Changing Market Dynamics
In its latest research note, Barclays revealed that emerging signs of a new geopolitical stability in the Middle East have altered the role of energy prices in currency markets. Whereas higher oil prices previously acted as a supportive catalyst for the dollar, they may now function as a drag.
The bank also observed that since early April, every 10% decline in oil prices has been followed by roughly a 1% drop in the dollar index, underscoring the currency's growing sensitivity to energy price movements.
According to Barclays, this behavioral shift likely reflects several underlying factors. One is the crowded long positioning in the US dollar, as indicated by market sentiment indicators. Additionally, foreign exchange participants are increasingly anticipating a normalization in energy prices over time. Another contributing factor is the rising risk premium attached to holding US assets, which has begun to erode confidence in the greenback.
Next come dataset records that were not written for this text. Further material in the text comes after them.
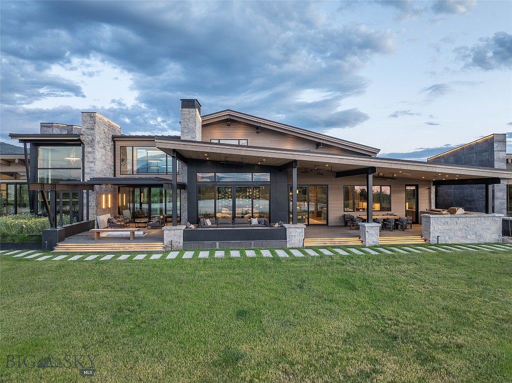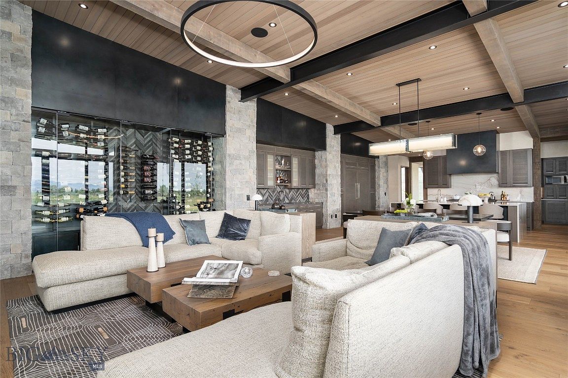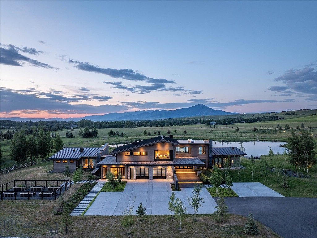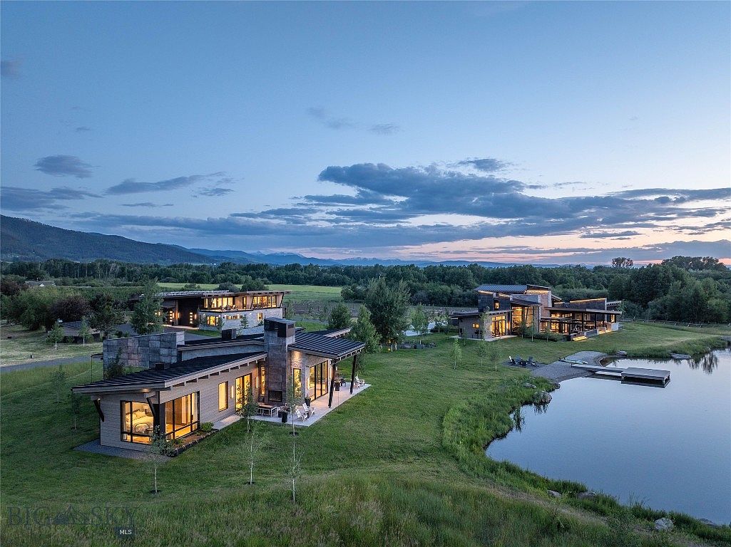 Lightfell, a stunning estate completed in 2024, embodies modern luxury with a focus on harmony between light, land, and water. Nestled just 10 minutes from downtown Bozeman, this architectural marvel spans over 13,200 SF of meticulously designed living space, including a 5,655 SF main residence and a 1,990 SF guest home, all set on 20 acres of exquisite landscape. The contemporary style accentuates indoor-outdoor living, featuring panoramic views of four mountain ranges and a serene 3-acre pond. Priced at $24,500,000, this home boasts recent renovations aimed at luxurious, functional living, making it perfect for a successful, future-oriented individual who values refined aesthetics and privacy.
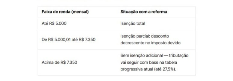 E, embora o projeto amplie a faixa de isenção e crie uma segunda faixa de isenção parcial (detalhada abaixo), a tabela progressiva clássica do Imposto de Renda manterá sua estrutura central, com alíquotas variando de 7,5% a 27,5%.
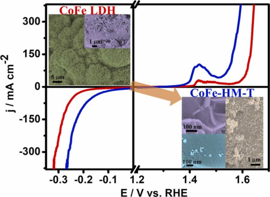 同时,团队开展了新型析氢电极的设计工作。通过硫脲-NaOH的处理方法在CoFeAl LDH上制备了由金属硫化物组成的多孔结构(CoFeAl-T-NaOH)。实验表明,CoFeAl-T-NaOH电催化剂具有优异的OER、HER、OWS和稳定性。研究发现,多孔异质结构促进了反应物的运输和产物的扩散,金属硫化物异质结促进了电荷迁移。相关成果发表在中科院TOP期刊Nanoscale (IF:8.3)。邓小龙副教授为第一和通讯作者,曹加锋副教授和济南大学黄金昭教授为论文共同通讯作者。
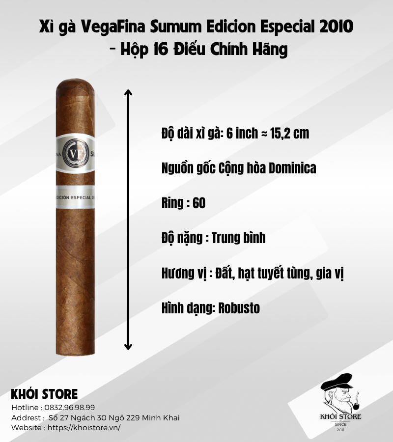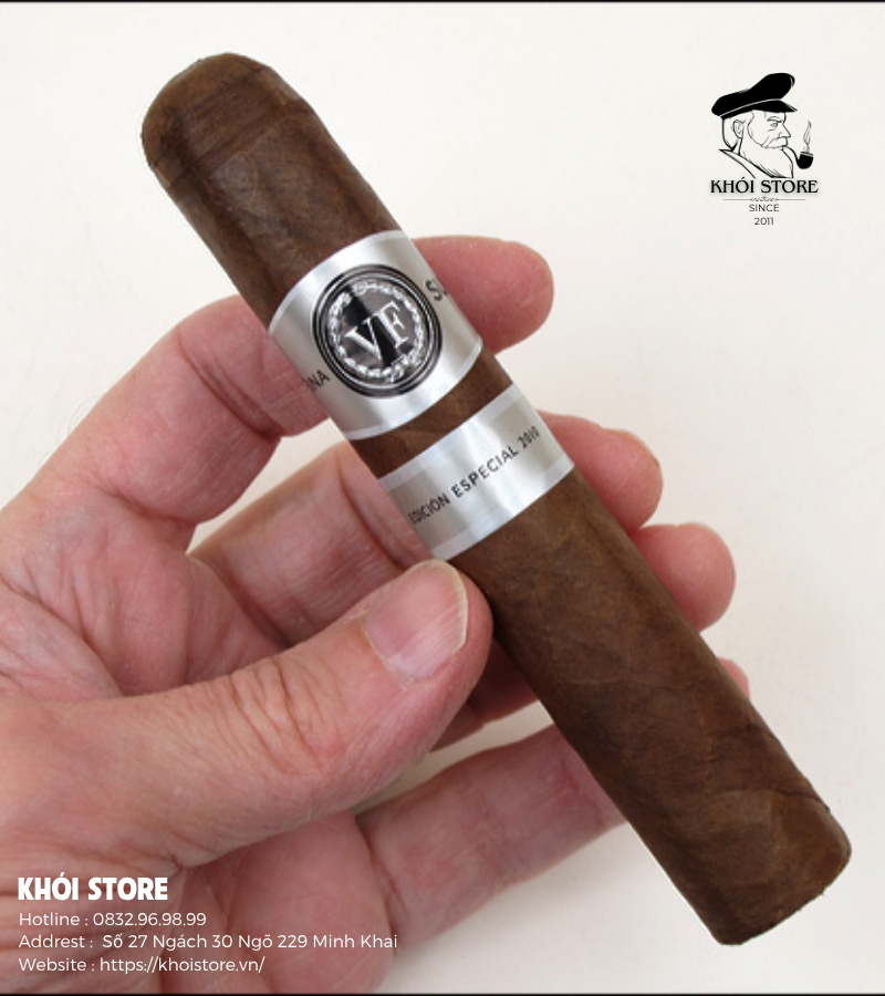 Hộp Xì gà VegaFina Sumum Edicion Especial 2010 được thiết kế bằng gỗ cao cấp với tông màu xám bạc trang nhã, toát lên vẻ hiện đại và tinh tế. Mỗi hộp gồm 16 điếu xì gà được sắp xếp gọn gàng, tạo cảm giác cao cấp ngay khi mở nắp.Điếu xì gà mang sắc nâu tự nhiên đặc trưng của lá wrapper, được bọc hoàn hảo, mượt mà, thể hiện tay nghề tỉ mỉ của các nghệ nhân Dominica. Vòng nhẫn bạc in nổi logo VF cùng dòng chữ “Edición Especial 2010” tạo nên điểm nhấn thanh lịch, thể hiện sự độc quyền và cao cấp của dòng sản phẩm này.
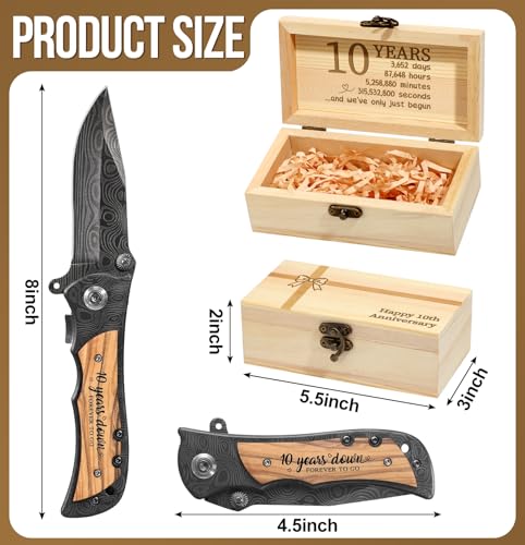 Click for More Images 10th Wedding Anniversary Gift: you will receive a lockable wooden box padded with raffia and containing an olive wood handled Damascus grain folding knife, this 10 year tin anniversary gift is beautifully packaged in a gift...
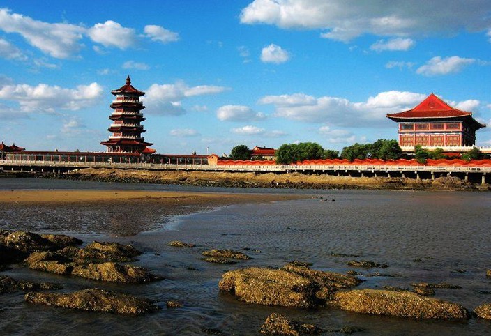 “望瀛樓”三個字是當代書壇泰斗啟功先生所題。據(jù)司馬遷《史記》記載,在東海之濱有三仙山,蓬萊、瀛洲、方丈,山上住著仙人,還有長生不老之藥,山上的亭臺樓閣均是黃金白玉所做,登此樓就可望到海上仙山。望瀛樓由六層組成,水上四層,水下兩層為海洋世界。海洋世界展示了幾百種珍奇的海洋生物,其中大海龜數(shù)十只,鯊魚有數(shù)百條,最大的有近3米長、重達300多斤,尤其是大鯊魚有了雅興,它格外慷慨的允許我們景區(qū)的潛水員和它手拉手一起遨游大海,令人嘆為觀止。
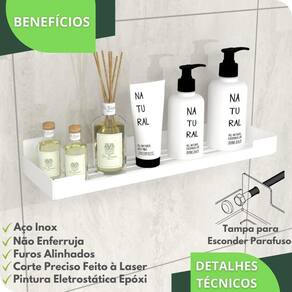 Com um design minimalista, o preferido pelos arquitetos nos últimos tempos, o Porta Shampoo é fabricado utilizando aço inox com acabamento em Pintura Eletrostática Epóxi proporcionando maior durabilidade, resistência e garantindo que não ocorrerá oxidação nem ferrugem.
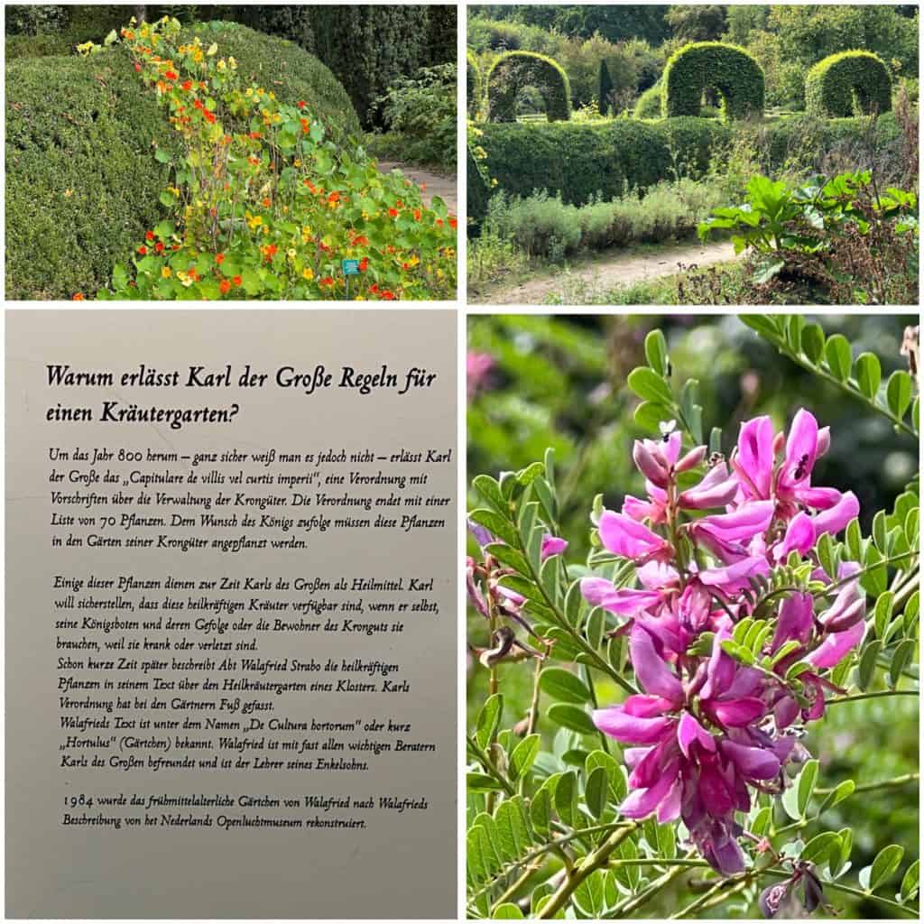 Der Kräutergarten ist sehr umfangreich, zum ersten Mal sah ich eine Indigopflanze, aus der man früher blauen Farbstoff herstellte. Oben links: Die Kapuzinerkresse hatte „freie Bahn“.
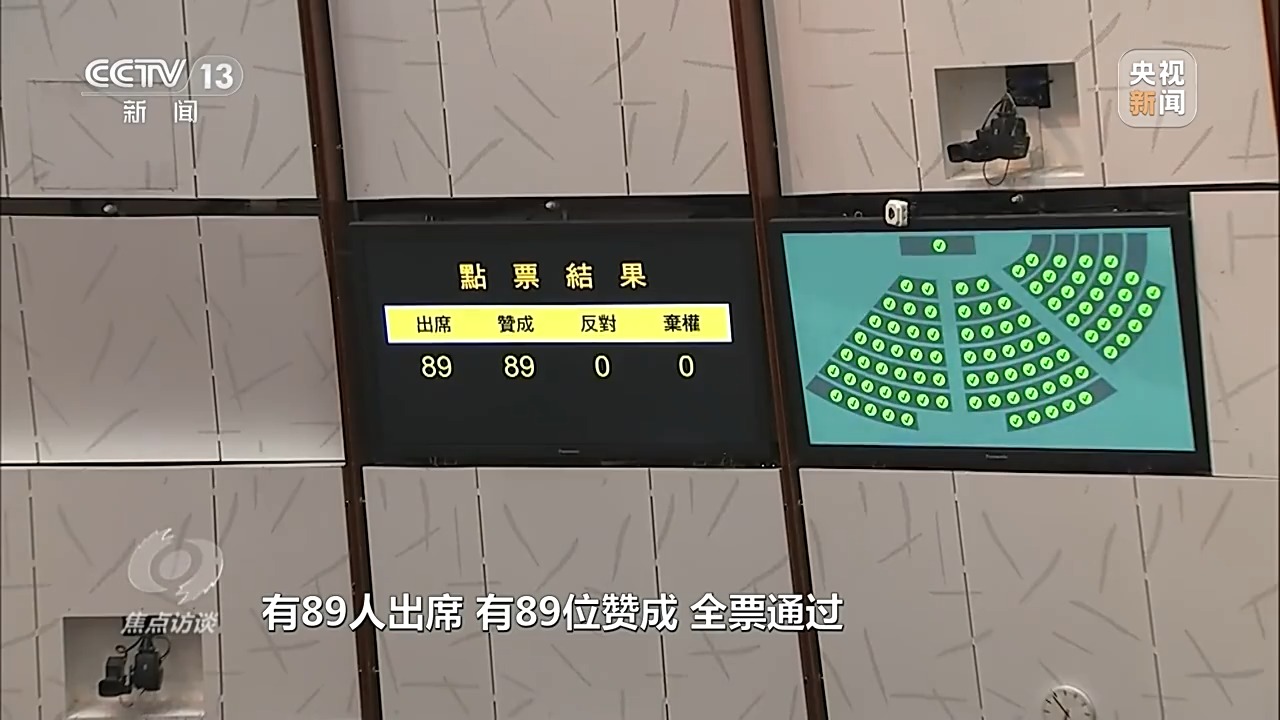 3月19日,香港特区立法会三读以全票通过《维护国家安全条例》。相关条例法案将经过行政长官签署以及刊宪等程序后正式生效。

Given these conditions, Barclays predicts that pressure on the US dollar will continue in the short term. The potential for geopolitical stabilization and a shift in market focus to domestic issues in the United States—including the change of central bank chair—could further limit the currency's upside.
Concerns also arise from the impact of high oil prices on the US economy. Analysts at Goldman Sachs estimate that prolonged spikes in energy prices could reduce around 10,000 jobs per month and push the unemployment rate to 4.6% by the end of the year.